The Fat Man (“Fats”), now a wealthy California internist who is beginning a biotech company targeting memory restoration, is recruited to reestablish the fortunes – financial and prestige – of Man’s Best Hospital which has slipped to 4th place in the annual hospital rankings. He calls on his former protégés to assist him in an honorable mission, “To put the human back in health care” (p34). Fats enlists other physicians (Drs. Naidoo and Humbo) along with a promising medical student (Mo Ahern) to staff his new Future of Medicine Clinic (FMC), an oasis of empathic medical care that strives to be with the patient.

Every great story needs a villain. Here the main bad guys are hospital president Jared Krashinsky, evil senior resident Jack Rowk Junior, and CEO of the BUDDIES hospital conglomerate Pat Flambeau. The electronic medical records system dubbed HEAL is a major antagonist, and the FMC docs wage war against it and the “screens.”

Poor Roy Basch works long hours, deals with family problems, has trouble paying bills, and experiences health issues (a bout of atrial fibrillation, a grand mal seizure, and alcohol use). Fats has warned of a “tipping point when medical care could go one way or another, either toward humane care or toward money and screens” (p8). Alas, the computers and cash appear victorious. A major character is killed. Many of the doctors working in the FMC including Basch leave the clinic. And fittingly, Man’s Best Hospital plummets in the latest rankings from 4th to 19th place.

Commentary

Doctor-writer Stephen Bergman (pen name Samuel Shem) is a deft demolitionist who understands that to rescue or reform something occasionally requires first an act of destruction. His dynamite The House of God was a wrecking ball to the harsh, dehumanizing system of medical training. Roughly four decades later, his Man’s 4th Best Hospital is a bulldozer exposing and excavating the suffocating strata of the contemporary medical-industrial complex: greed, bureaucracy, and capitulation to the all-powerful electronic medical records system (EMR). But a bigger bulldozer (perhaps a national strike by doctors and nurses) or maybe countless smaller ones (intense individual physician activism) are going to be needed to restore humanity to modern medical care and to reverse the increasing incidence of physician burnout.

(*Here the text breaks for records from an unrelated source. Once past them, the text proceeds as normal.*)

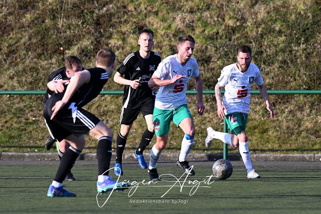 Fussball, Rheinlandliga, SG Malberg (schwarz) vs. SG 2000 Muelheim-Kaerlich (weiß/grün), 08.03.2025 |
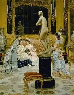 One of Gilardi's notable paintings is the 1877 piece A Visit to the Gallery, which the University of Michigan Museum of Art acquired in 1895.[2] The painting depicts a group of young women looking at a nude classical female statue,[6] possibly the Venus de Medici at the Uffizi Gallery in Florence.[2] Molly Peacock's poem "Girl and Friends View Naked Goddess" is directly inspired by this painting.[7][6]
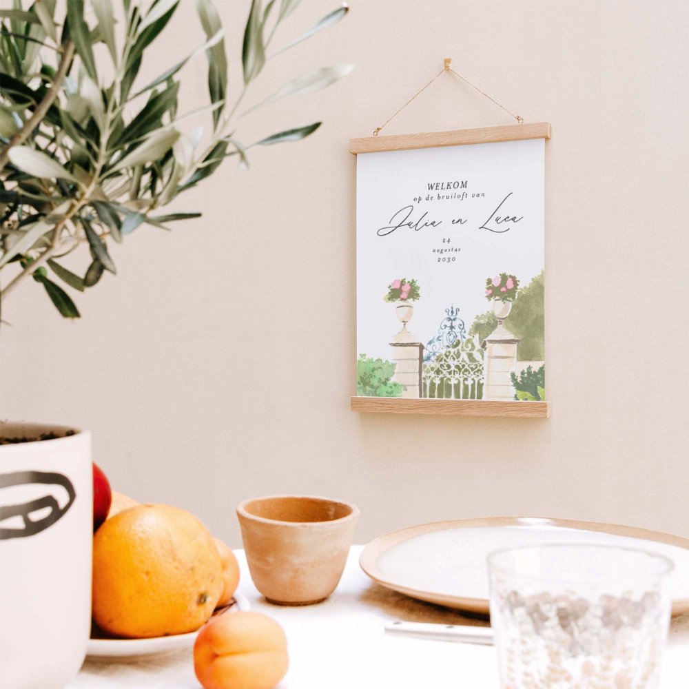 Verwelkom je gasten op je bruiloft met een mooi welkomstbord.
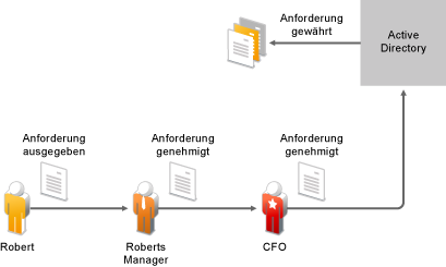 Die Selbstbedienungsfunktion von Identity Manager wird nicht nur von Robert dazu verwendet, Zugriff auf die benötigten Dokumente anzufordern, sondern auch sein Vorgesetzter und der Leiter der Finanzabteilung verwenden sie für die Genehmigung der Anforderung. Der eingerichtete Genehmigungsworkflow ermöglicht Robert, seine Anforderung zu initiieren und ihren Fortschritt zu überwachen, und Roberts Vorgesetztem und dem Leiter der Finanzabteilung, auf seine Anforderung zu antworten. Wenn die Anforderung von Roberts Vorgesetztem und dem Leiter der Finanzabteilung genehmigt wird, veranlasst dies die Bereitstellung der von Robert zum Zugriff und zur Ansicht der Finanzdokumente benötigten Active Directory-Rechte.
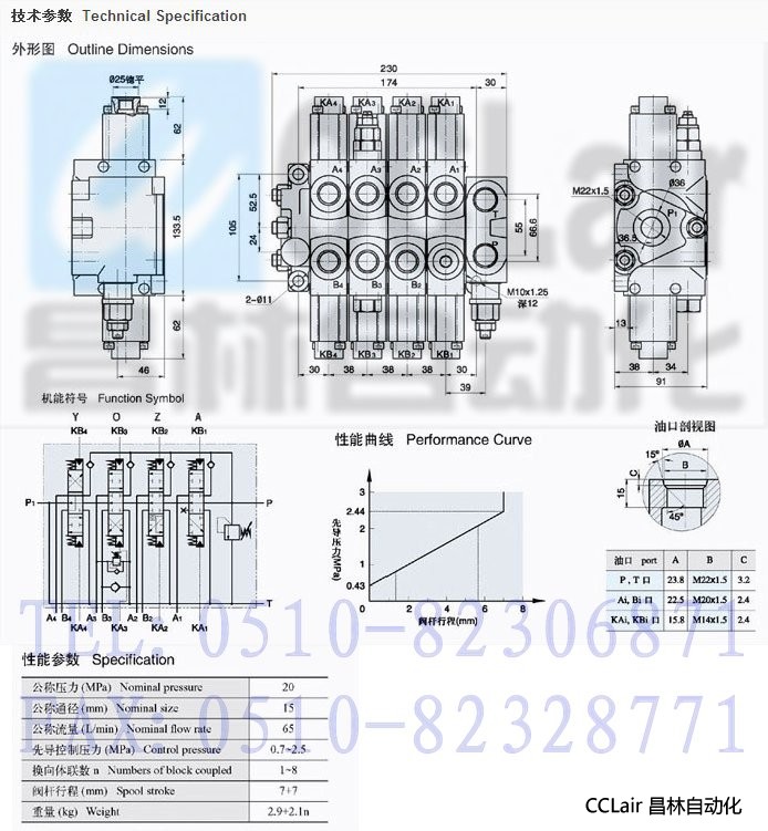 XYDL*-F15L 系列多路閥是在DL*-F15L 系列多路閥的基礎(chǔ)上開發(fā)的,先導(dǎo)閥控制液動換向。XYDL1-F15L 系列多路閥的回油體帶
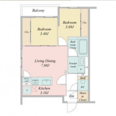 2LDK(44.26m²)└ LD7.6帖 K3.1帖 洋室3.69帖 洋室3.4帖

The novel takes direct aim at the EMR and how it diminishes the role of doctors as healers, instead shifting greater amounts of the physician’s energy to inputting data. “Treating the screens, not the patients. Our work is screens” (p308), Bergman writes. Sadly true. An estimated 40-60% of a doctor’s shift might now be spent in front of a computer screen. Bergman also bemoans how the monetization of medicine hurts patient care and negatively impacts the doctor-patient relationship.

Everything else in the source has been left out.